I second Harry's sentiments 100% good luck buddy....


----------



## Jim Nash (Mar 30, 2006)

Jeff you got poems written for you and you haven't even gone yet . Think of the reaction when you get the III . 

http://www.youtube.com/watch?v=O3ZOKDmorj0


----------



## Gerry Grimwood (Apr 2, 2007)

Break a leg


----------



## Richard Rutt (May 14, 2009)

Drive your dog well, Jeff. 
I wish you Success.


----------



## Faisal Khan (Apr 16, 2009)

Best of luck. What are the prerequisites/qualifications required to enter the USMRA nationals?


----------



## Mike Scheiber (Feb 17, 2008)

Faisal Khan said:


> Best of luck. What are the prerequisites/qualifications required to enter the USMRA nationals?


----------



## Doug Zaga (Mar 28, 2010)

Hi Jeff...how did you and Buko do?


----------



## Timothy Stacy (Jan 29, 2009)

Mike, I can't quote you LOL.

Results please!


----------



## Loring Cox (Sep 6, 2008)

MRIII
Lisa Geller and Rogue 321
Michael Ellis and Pi 311
Sandrine and Thor 310
Steve Garvin and Bogan 308
Jeff O and Buko 270

MRII
Terry and Ibn 256
Rich and Ace 225
Ann and Nacho 224.5
Terril and Rocket 170

MRI
Tiffany G and Ry 187
Ann and Rebel 187
Terry and Ha'.... 180.5
Terry and Rusty 178
...Kim and Quantum 174
Jim and Lasso 169.5
Debra and Vixen 153.5
Lee and Sassy 123

Copied and pasted from Tiffany Geisen's FB page... I dont know who most of the single named people are.


----------



## Timothy Stacy (Jan 29, 2009)

So.... Jeff passed!


----------



## will fernandez (May 17, 2006)

I thought you needed a 300 to Q


----------



## Timothy Stacy (Jan 29, 2009)

Not sure but what is this? It says 3 times at over 240 with 3 different judges.
http://malinut.com/ref/library/mondioring/


----------



## Jeff Oehlsen (Apr 7, 2006)

You have to have a better score than 260 to pass for sure. Things went well and I botched the call off, should have called him earlier. I will put up some video, as that is better than my recall of the events.

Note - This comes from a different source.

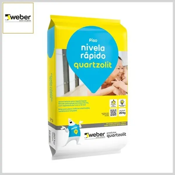 Nivela rápido Quartzolit é uma argamassa autonivelante, de secagem rápida, para recuperação e nivelamento de contrapisos e lajes de concreto para pisos laminados, vinílicos, cerâmicas e pedras, destinado para o tráfego de pessoas.

So, what I think is that I opened the door by botching the call off.


----------



## Chad Byerly (Jun 24, 2008)

Congrats on the over-260-score, Buko.


----------



## Terrasita Cuffie (Jun 8, 2008)

So Jeff, did you do anything different training-wise to prepare this time. 

Terrasita


----------



## Dave Kroyer (Feb 26, 2010)

300 is passing


----------



## Jeff Oehlsen (Apr 7, 2006)

I did a lot different, and it showed in the OB. My decoys are really busy and so that showed in the bitework. We will just work that and see what happens in June. I will be going to Lisa Gellers trial, but for those of you in California, OJ Knighten will be putting on a trial.


----------